If the populace were to govern itself and there were nothing interposed between the administration of the state and the citizens, they would only have to tax themselves when circumstances made it necessary, in proportion to the public needs and the abilities of private individuals. And since no one would ever lose sight either of the collection or the use of funds, neither fraud nor abuse could slip into the management of them. The state would never be weighed down with debts, nor would the populace be crushed by taxes; or at least the assurance of how it would be used would console the people for the burden of the tax. But things cannot happen this way; and however limited a state may be, the civil society is always too populous to be capable of being governed by all its members. Public funds must necessarily pass through the hands of the leaders, who all have, over and above the interest of the state, their own private interest, which is not the last to be heard. The populace, for its part, perceiving the leaders’ greed and ridiculous expenditures more than the public needs, grumbles about seeing itself despoiled of essentials to furnish someone else with superfluities. And when once these maneuvers have embittered it to a certain degree, the most honorable administration would utterly fail to reestablish confidence. In such circumstances, if contributions are voluntary, they produce nothing. If they are forced, they are illegitimate. And the difficulty of a just and wise economy lies in the cruel alternatives of allowing the state to perish or attacking the sacred right to property that is its underpinning.

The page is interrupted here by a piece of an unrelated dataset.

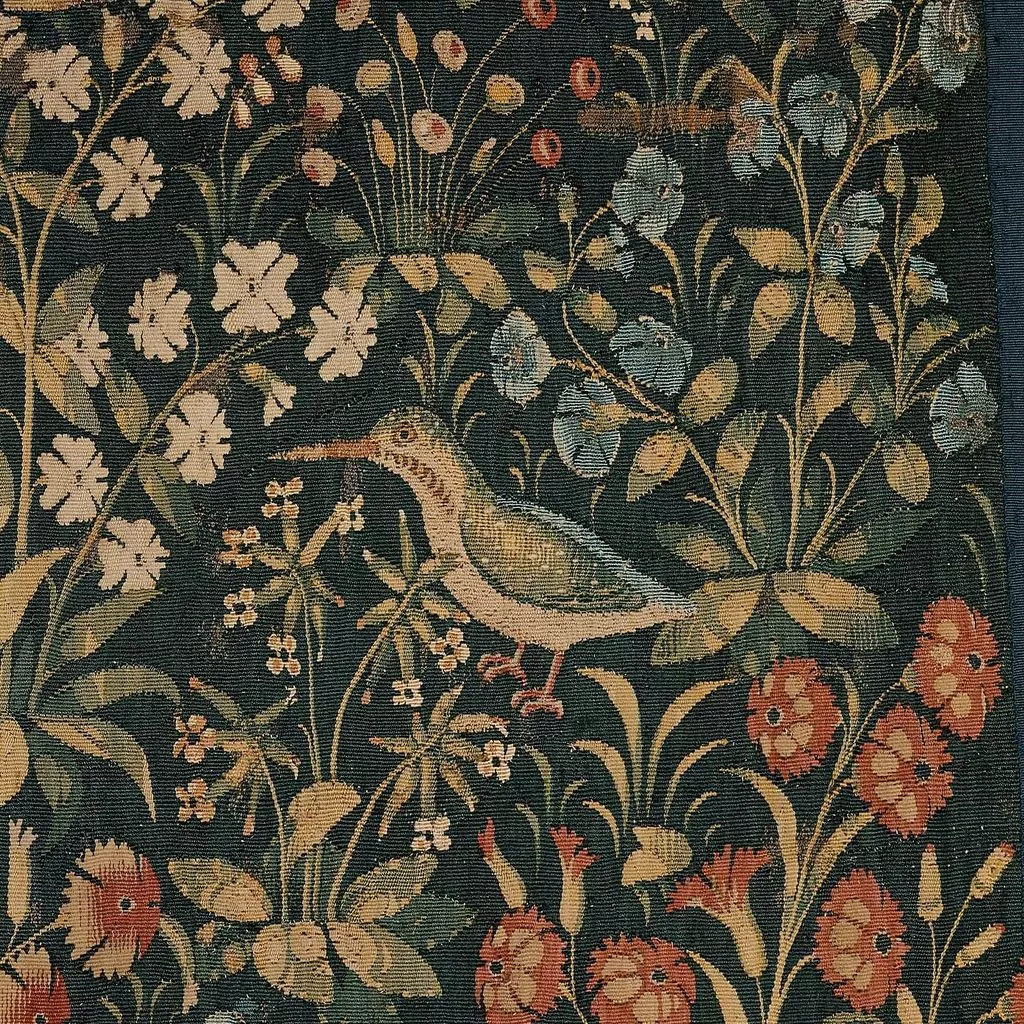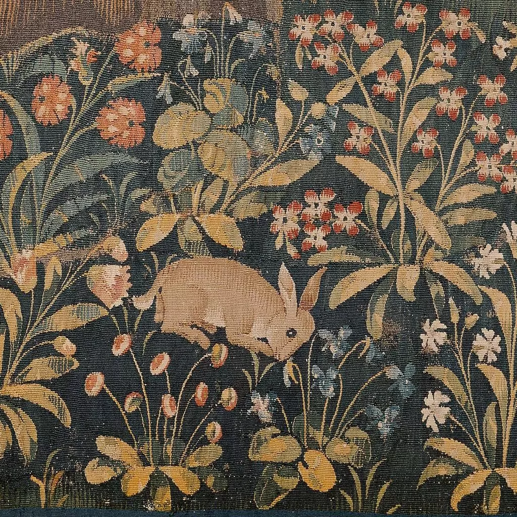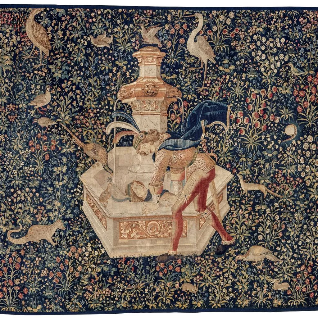 [3] See Ella S. Siple, "Art in America: French Gothic Tapestries of about 1500," The Burlington Magazine for Connoisseurs, Vol. 53, No 306 (Sept., 1928), pp. 145-146 where described as "a large millefleurs representing Narcissus at the well," "brought to America recently by Wildenstein and Company" (also pictured). Siple also affirms the provenance of Toulgoët-Treanna, writing "it is said to have been for many years in the possession of Monsieur de Talgonet at the Château de Rozay near Vierzon, some sixty miles from Tours."
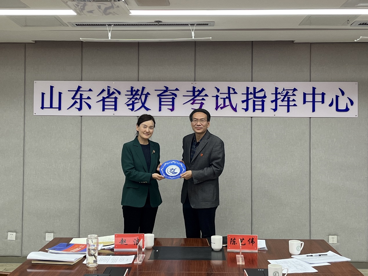 11月28日,招生宣传工作组前往山东省教育招生考试院拜访交流,山东省委教育工委委员、山东省教育厅党组成员、副厅长张志刚,省财政厅党组成员、副厅长薛军,省教育招生考试公司党委书记、经理李霞,省考试公司党委委员、副经理赵丽等相关领导接待了工作组。

The first thing to be done by the founder of a republic, after the establishment of the laws, is to find a sufficient fund for the maintenance of the judges and other officers and for all public expenditures. This fund is called {142} aerarium, or fisc, if it consists of money and public domain if it consists of lands. And the latter is far preferable to the former for reasons that are not hard to see. Anyone who has reflected enough on this matter could hardly be of any other opinion than that of Bodin, who views the public domain as the most upright and the most secure of all the means of providing for the needs of the state.22 It is worth noting that Romulus’ first concern in the division of lands was to set aside a third of the land for this use. I confess that it is not impossible for the proceeds of a badly administered public domain to be reduced to nothing. But it is not of the essence of the domain to be administered poorly.

Prior to any use of this fund, it ought to be assigned, or accepted by the assembly of the people or the estates of the country, which should then determine its use. After this solemnity, which renders this fund inalienable, it changes its nature, as it were, and its revenues become so sacred that diverting the least amount to the detriment of its destination is not only the most infamous of all thefts but a crime of high treason. It is a great dishonor for Rome that the integrity of the quaestor Cato was felt worthy of remark and that an emperor, on rewarding a singer’s talent with a few crowns, needed to add that the money came from his family’s property and not from the state’s. But if there are not many like Galba, where will we find Catos? And once vice is no longer a cause for dishonor, what leaders will be scrupulous enough to refrain from getting their hands on the public funds left to their discretion and not eventually fool themselves by pretending to confuse their vain and scandalous dissipations with the glory of the state and the means of extending their own authority with those of increasing the state’s power? It is above all in this delicate part of the administration that virtue is the only effective instrument and that the integrity of the official is the only restraint capable of containing his greed. Account books and all the ledgers of financial managers seem less to reveal their infidelities than to cover them up. And prudence is never as prompt at imagining new precautions as knaves are at eluding them. Therefore forget about the ledgers and papers, and place the finances in faithful hands; this is the only way to have them faithfully administered.

Once the public fund is established, the leaders of the state are rightfully its administrators, for this administration constitutes a part of the government, always an essential part, though not always equally so. Its influence increases in proportion to the decrease of the influence of the other parts of the government. One could say that a government has reached its final degree of corruption when the only source of strength it has left is money. And since every government constantly tends to grow weaker, this reason alone shows why no state can subsist if its revenues do not constantly increase.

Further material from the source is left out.